When considering whether switching to Linux is a good idea, you’ve probably heard all the arguments about Linux being cheaper, more secure and reliable than its competitors.

Yet it has become clear that Linux is not “free,” even though the source code is. It still takes maintenance and system administrators (who can be hard to find and may command higher salaries) familiar with the operating system (OS) to manage it.

It’s also a safe bet that as Linux becomes more popular, it will become the target of more hacks and therefore more vulnerable. According to an April 2004 Yankee Group report by Laura Didio, “[i]t is clear from recent alerts that the number of Linux hacks is rising steadily and will continue to do so.”

And, according to Didio in the same report,Linux, UNIX and Windows TCO Comparison, Part 1, Linux reliability is on par with UNIX and Windows 2000/2003, not superior.

So, if the most oft-cited reasons for switching to Linux from UNIX or Windows are, basically, moot (depending on your specific set of circumstances and who you talk to, of course), what then is left to consider?

Well, at least according to some, flexibility is the key issue as opposed to TCO, ROI, security or reliability — although those arguments still hold sway with others.

“Without the source code being available, the customer has no choice other than perhaps go to another vendor,” said Jon Hall, the executive director of Linux International, a non-profit Linux promotional organization. “So the question you have to ask yourself is, ‘How much does it cost your company not to be able to do those things that the vendor won’t do?'”

This is why, according to Hall, the city of Munich in Germany recently adopted Linux as its platform of choice over Microsoft, even though Microsoft was cheaper. The city, said Hall, was more interested in the ability to modify the OS at will than saving money on the initial purchase.

Also, while Hall was with Compaq’s (now Hewlett-Packard) Digital UNIX marketing group, for example, customers put in requests for more than 650 changes to its UNIX offering. Only 50 were ever implemented by the engineers, leaving 600 requests to languish unheeded.

Without the ability to access source code and modify it to meet your particular needs, the argument goes, then you are beholden to the vendor for all OS modifications unless you can afford a source-code license.

With the source-code access Linux provides, however, you are able make those changes at will and for free provided you publish those changes, updates, fixes, etc. to the open source community at large.

“There’s just an almost unbelievable amount of innovation going on around the platform,” said Joshua Harr, CTO of Linux Networx, a cluster computing vendor, “very creative things that obviously are totally impossible with Windows. As those projects gain merit, the distribution vendors … adopt those into their Linux distributions and they become standard features.”

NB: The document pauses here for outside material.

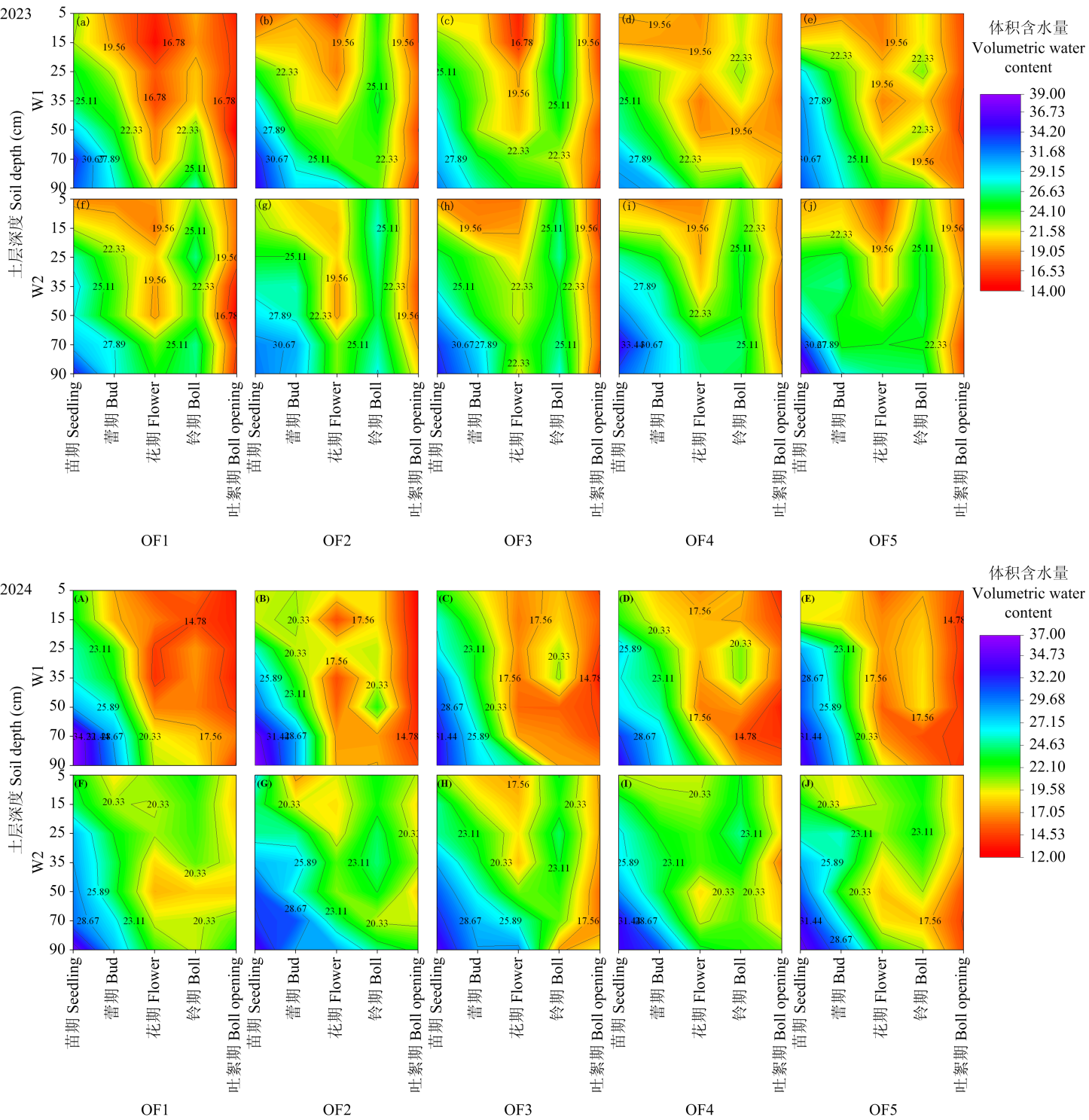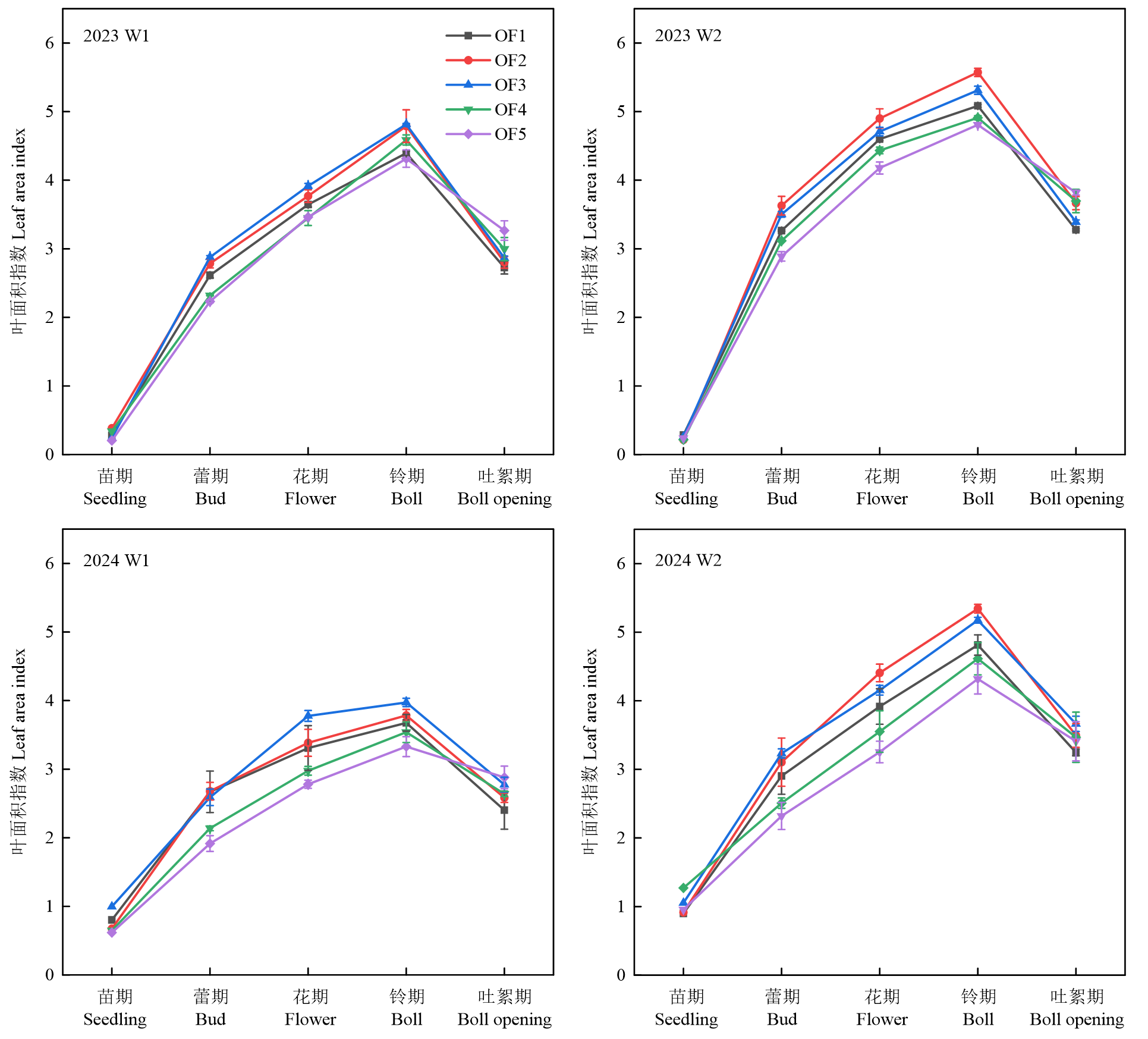 | W2OF4 | 5.50±0.06ab | 5.37±0.08a | 7.25±0.11bc | 7.33±0.10b | 6381.52±92.01bc | 6226.62±91.73ab | 515.85c | 497.48b | 1.24±0.02ef | 1.25±0.02e |
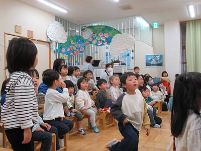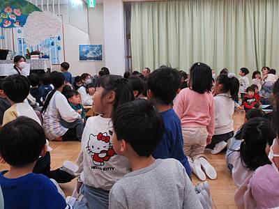 綺麗なキャンドルの火を見て、ホールにいるお友だちみんなが、静かな気持ちになります。

That is why Linux Networx standardized on Linux for its cluster offerings and why its customers are also considering Linux for many applications, he said. This is also why Linux code is of such high quality. More eyes on the code mean more scrutiny which in turn produces a better product overall.

Wall Street banks, for example, have embraced Linux because of the ability it gives them to innovate, said Harr.

Adrian Jones, senior vice president at BakBone, a provider of disaster recovery software for Linux, UNIX and Windows installations, however, counters the flexibility argument somewhat.

While agreeing with the flexibility argument in principal the reason his customers cite for switching to Linux is reliability, he said. Flexibility comes in third or fourth on his list of reasons to switch. Jones bases his observation on the fact that fully 40% of the company’s back-up business is coming from enterprise Linux installs today, he said.

“Linux has had good reputation from a quality and reliability perspective and that’s where other older technology like UNIX and Solaris have not,” said Jones. “That’s where CIOs have become more comfortable with it, they can guarantee their data, they can guarantee what there using with Linux. And that’s why people are moving.”